#### What is expected
Starting with the line below that holds "Condite l'interno della" and stopping after the line that holds "本次的《王牌釣手 歡釣水族館》,是擁有以鯊魚為象徵的水族館,以及 5", transcribe the lines exactly, leaving out all pictures.

#### Provided data
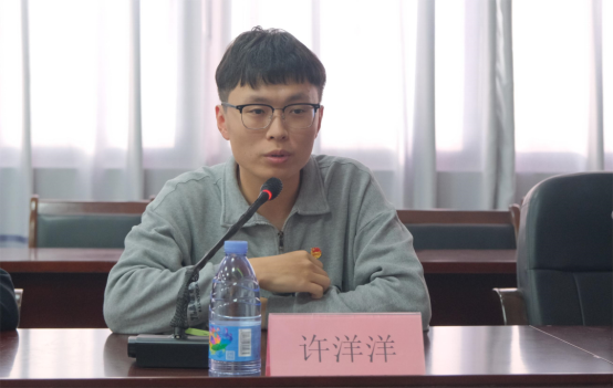 由團(tuán)支部副書(shū)記王金陽(yáng)匯報(bào)本支部開(kāi)展團(tuán)員和青年主題教育情況,并結(jié)合團(tuán)支部工作和個(gè)人實(shí)際交流匯報(bào)團(tuán)支部一年來(lái)在開(kāi)展的團(tuán)日活動(dòng)、青年大學(xué)習(xí)、收聽(tīng)收看黨的重要會(huì)議、習(xí)近平總書(shū)記發(fā)表的重要講話等學(xué)習(xí)情況,重點(diǎn)就本學(xué)期開(kāi)展的“團(tuán)員和青年”主題教育四個(gè)專題學(xué)習(xí)和組織生活會(huì)準(zhǔn)備情況進(jìn)行匯報(bào)。
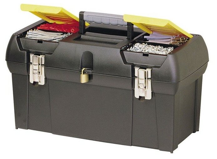 Лучшие цены. Ящик для инструментов Stanley 1-92-066, 19", 2 встроенных органайзера, пластик, метал. замок 288286. Ищете качественный инструмент! Поздравляем, нашли! Стройте грандиозные планы, реализуйте свои идеи и не бойтесь знакомиться с новыми материалами и техниками. У вас всё получится, ведь у нас вы найдете инструмент как для бытового использования, так и для профессиональной деятельности. Может быть, Ящик для инструментов Stanley 1-92-066, 19", 2 встроенных органайзера, пластик, метал. Магазины в вашем городе.
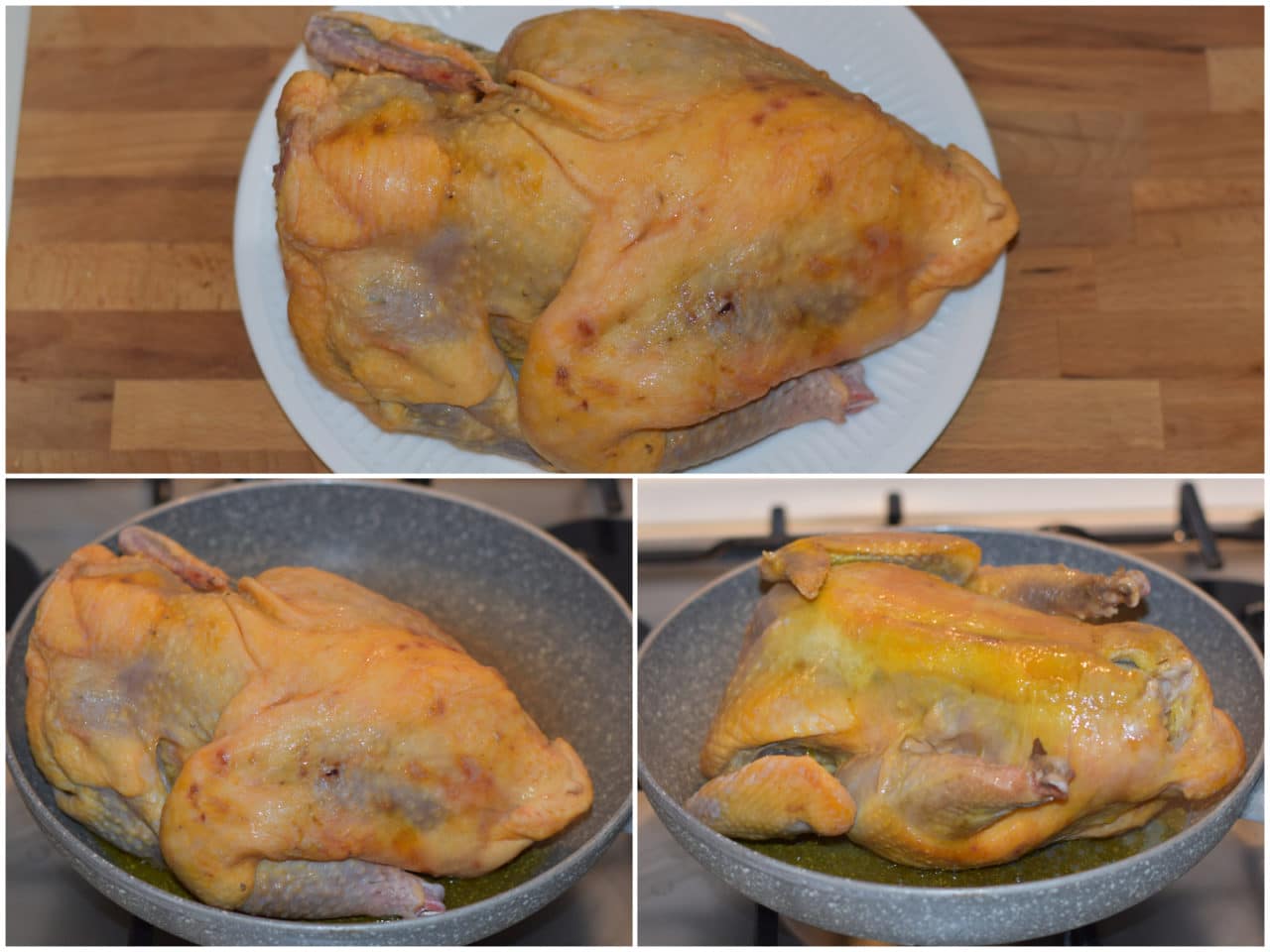 Condite l'interno della faraona con sale e pepe, quindi fatela rosolare in un tegame antiaderente con poco olio, lasciandola dorare in maniera uniforme a fiamma vivace, in modo da sigillarne i succhi.
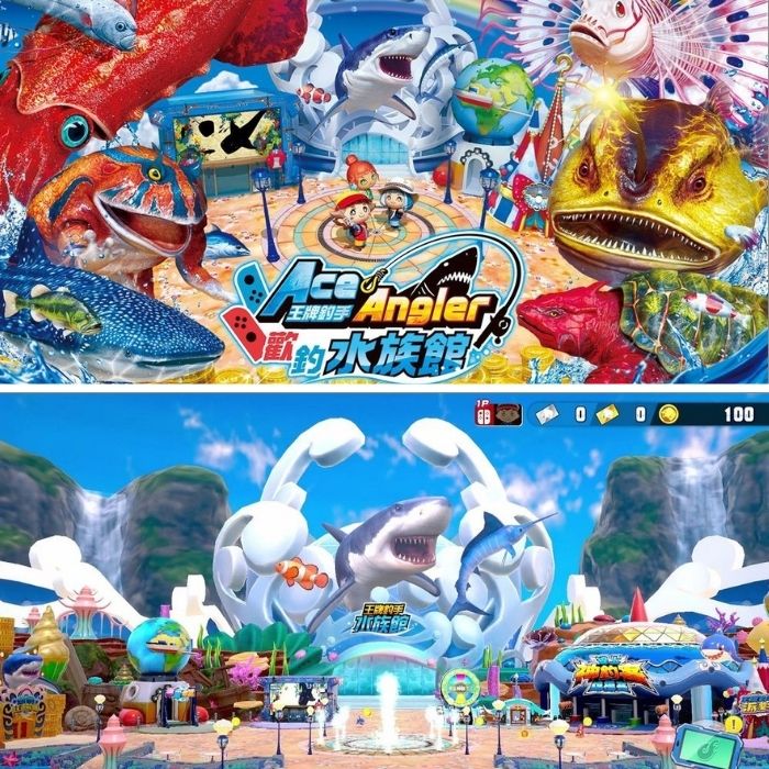 本次的《王牌釣手 歡釣水族館》,是擁有以鯊魚為象徵的水族館,以及 5 個遊樂設施的主題樂園「大豐收硬幣樂園」。玩家將可以在大豐收硬幣樂園的遊樂設施中,盡情釣魚玩樂並收集硬幣,並加入了全新關卡及大魚,最多可由 4 名玩家透過鄰近主機通訊或網路通訊方式一同遊玩。另有劇情模式、推硬幣遊戲、派對模式等各式各樣的模式,可以 1 人遊玩,更可與眾人盡享《王牌釣手》的釣魚樂趣。使用收集的硬幣獲得魚類,並加入水族館,以完成共 12 層樓的水族館為目標。
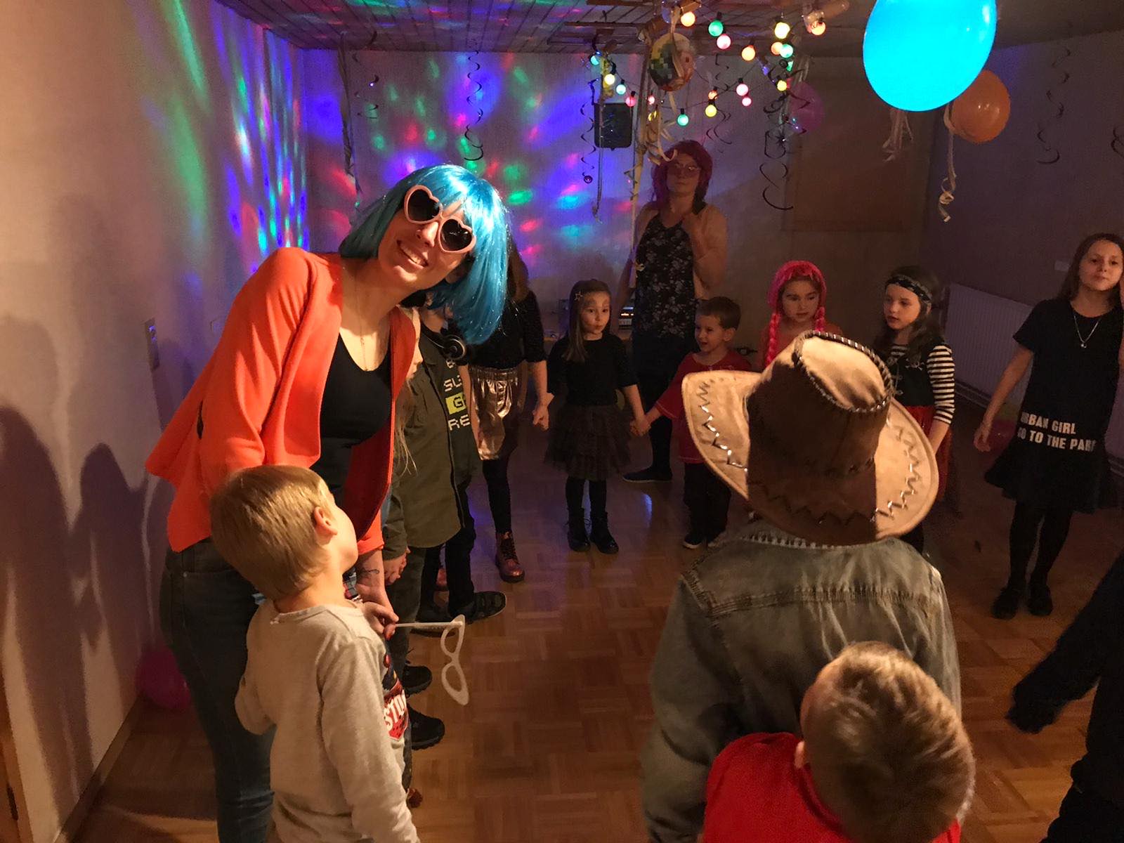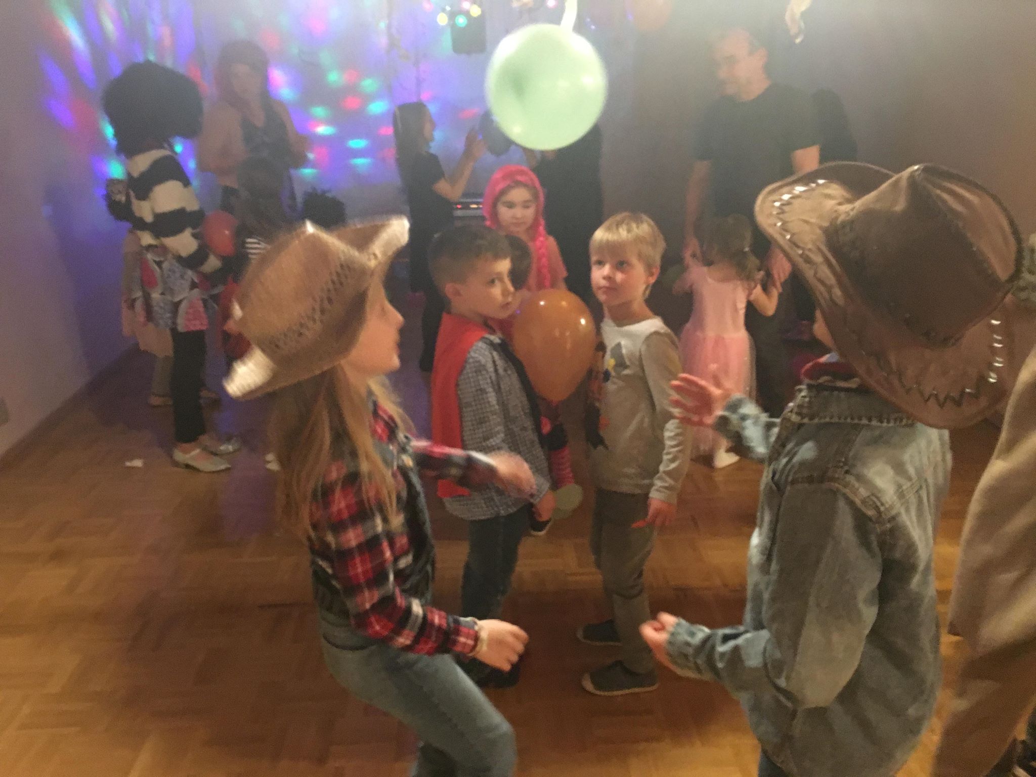 Dzięki pomocy nauczycielek salę przyozdobiły różnokolorowe łańcuchy, serpentyny i balony, a całość dopełniły kolorowe, dyskotekowe światełka. Zjawiskowy wygląd wprowadził dzieci w wesoły nastrój i zachęcił do wspólnej zabawy. Dzieci wystąpiły w ciekawych, kolorowych kostiumach, przebrane za bohaterów ulubionych bajek i nie tylko. Na parkiecie pojawiły się m.in. księżniczki, piraci, wróżki i kowboje.
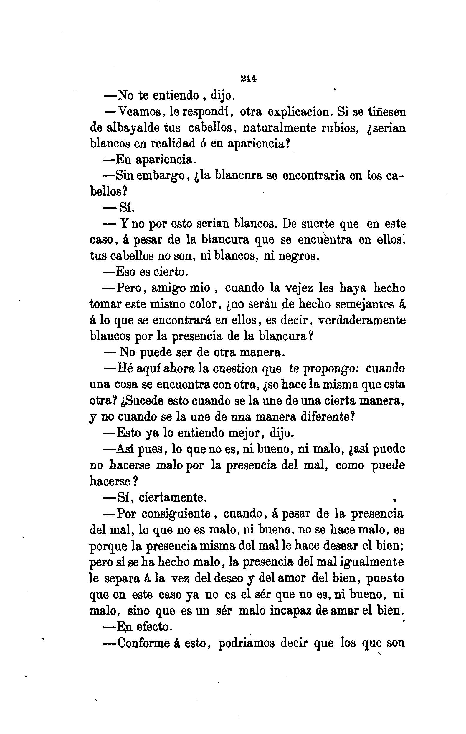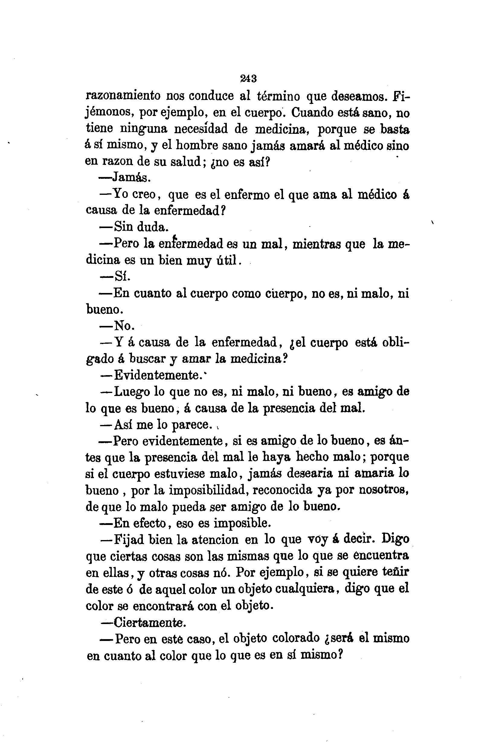 —Pero la enfermedad es un mal. ¿Cómo no? y la salud ¿esun bien ó un mal, ó noes, nilo uno, ni lo otro?

#### Exercise output
 Condite l'interno della faraona con sale e pepe, quindi fatela rosolare in un tegame antiaderente con poco olio, lasciandola dorare in maniera uniforme a fiamma vivace, in modo da sigillarne i succhi.
 本次的《王牌釣手 歡釣水族館》,是擁有以鯊魚為象徵的水族館,以及 5 個遊樂設施的主題樂園「大豐收硬幣樂園」。玩家將可以在大豐收硬幣樂園的遊樂設施中,盡情釣魚玩樂並收集硬幣,並加入了全新關卡及大魚,最多可由 4 名玩家透過鄰近主機通訊或網路通訊方式一同遊玩。另有劇情模式、推硬幣遊戲、派對模式等各式各樣的模式,可以 1 人遊玩,更可與眾人盡享《王牌釣手》的釣魚樂趣。使用收集的硬幣獲得魚類,並加入水族館,以完成共 12 層樓的水族館為目標。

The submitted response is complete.